**DATA SEGMENT:**
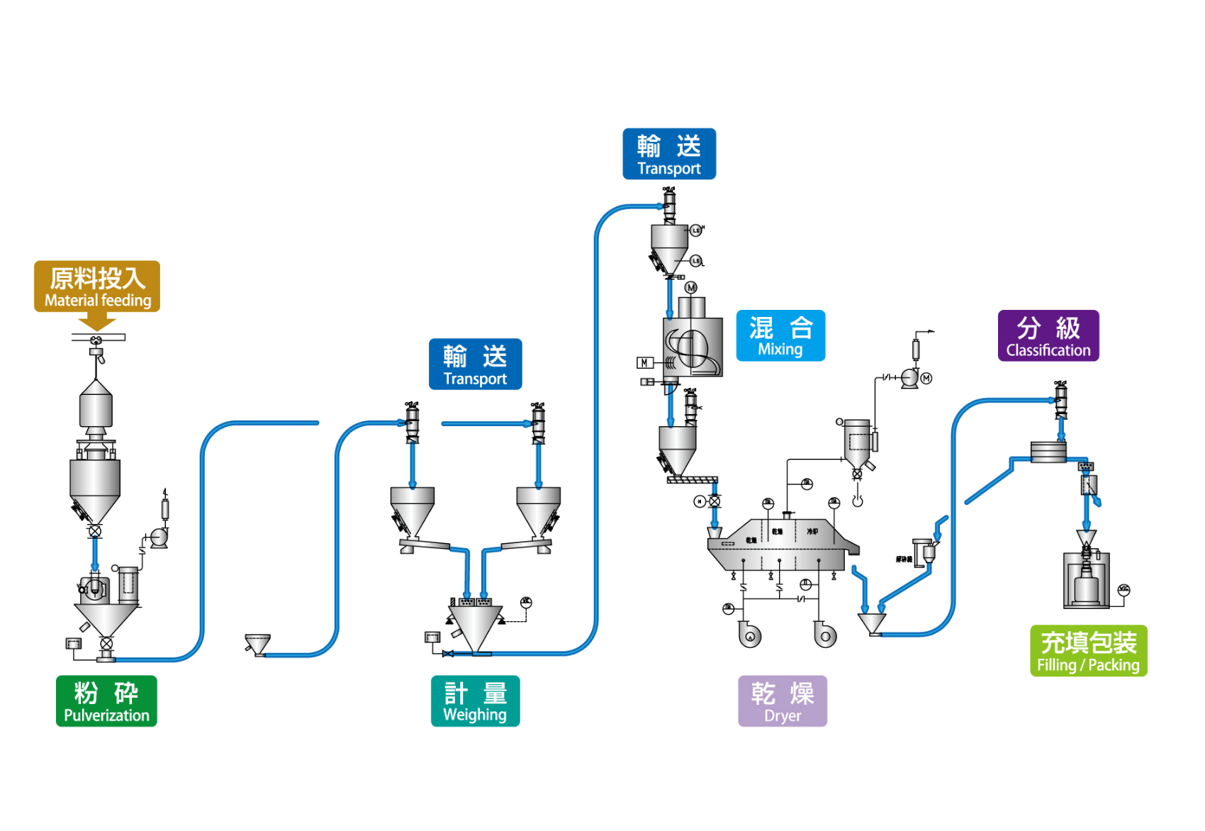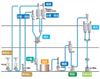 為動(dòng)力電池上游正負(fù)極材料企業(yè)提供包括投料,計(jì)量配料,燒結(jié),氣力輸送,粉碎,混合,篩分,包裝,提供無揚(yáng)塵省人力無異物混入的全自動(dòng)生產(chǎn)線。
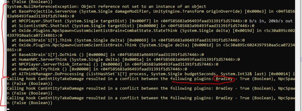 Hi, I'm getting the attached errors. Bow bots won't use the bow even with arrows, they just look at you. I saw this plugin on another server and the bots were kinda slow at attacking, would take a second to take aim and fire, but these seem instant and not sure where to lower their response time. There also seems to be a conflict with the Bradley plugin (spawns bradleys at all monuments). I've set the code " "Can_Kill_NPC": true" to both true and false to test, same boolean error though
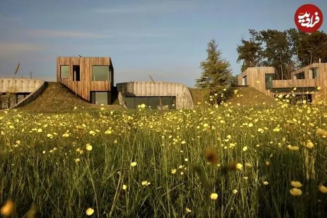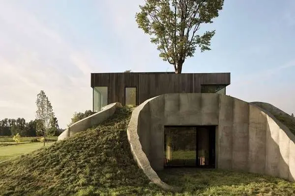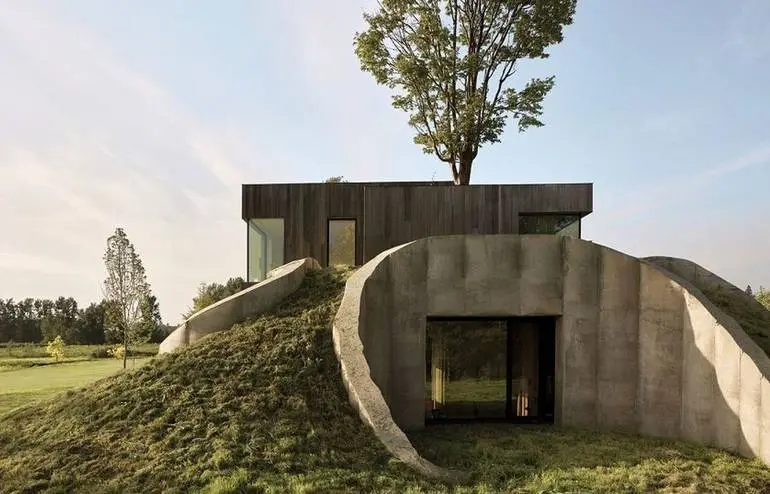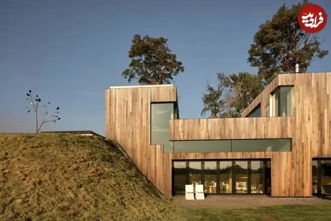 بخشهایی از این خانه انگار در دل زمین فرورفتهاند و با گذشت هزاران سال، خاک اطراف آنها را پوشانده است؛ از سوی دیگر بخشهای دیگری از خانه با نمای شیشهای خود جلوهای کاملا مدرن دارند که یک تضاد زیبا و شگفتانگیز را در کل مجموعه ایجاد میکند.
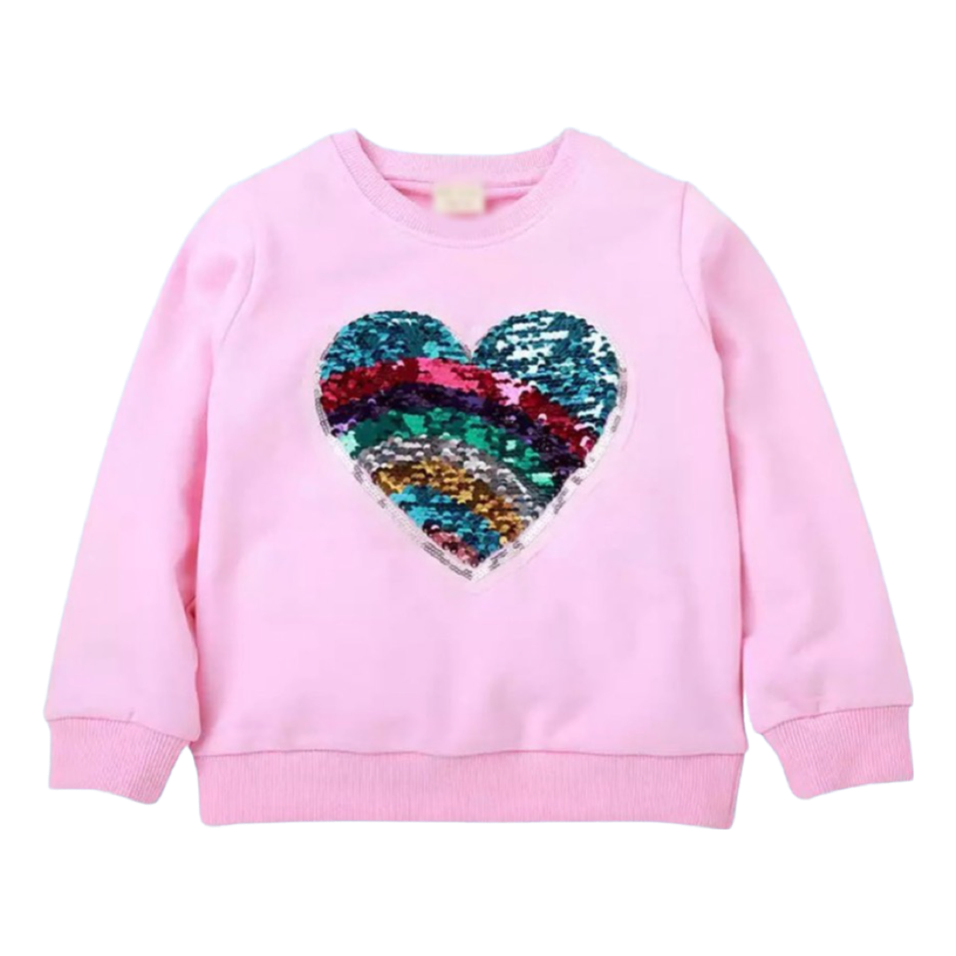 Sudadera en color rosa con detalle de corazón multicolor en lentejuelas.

**EXERCISE DETAILS:** Output the material above exactly, without pictures.

**RESPONSE:**
 為動(dòng)力電池上游正負(fù)極材料企業(yè)提供包括投料,計(jì)量配料,燒結(jié),氣力輸送,粉碎,混合,篩分,包裝,提供無揚(yáng)塵省人力無異物混入的全自動(dòng)生產(chǎn)線。
 Hi, I'm getting the attached errors. Bow bots won't use the bow even with arrows, they just look at you. I saw this plugin on another server and the bots were kinda slow at attacking, would take a second to take aim and fire, but these seem instant and not sure where to lower their response time. There also seems to be a conflict with the Bradley plugin (spawns bradleys at all monuments). I've set the code " "Can_Kill_NPC": true" to both true and false to test, same boolean error though
 بخشهایی از این خانه انگار در دل زمین فرورفتهاند و با گذشت هزاران سال، خاک اطراف آنها را پوشانده است؛ از سوی دیگر بخشهای دیگری از خانه با نمای شیشهای خود جلوهای کاملا مدرن دارند که یک تضاد زیبا و شگفتانگیز را در کل مجموعه ایجاد میکند.
 Sudadera en color rosa con detalle de corazón multicolor en lentejuelas.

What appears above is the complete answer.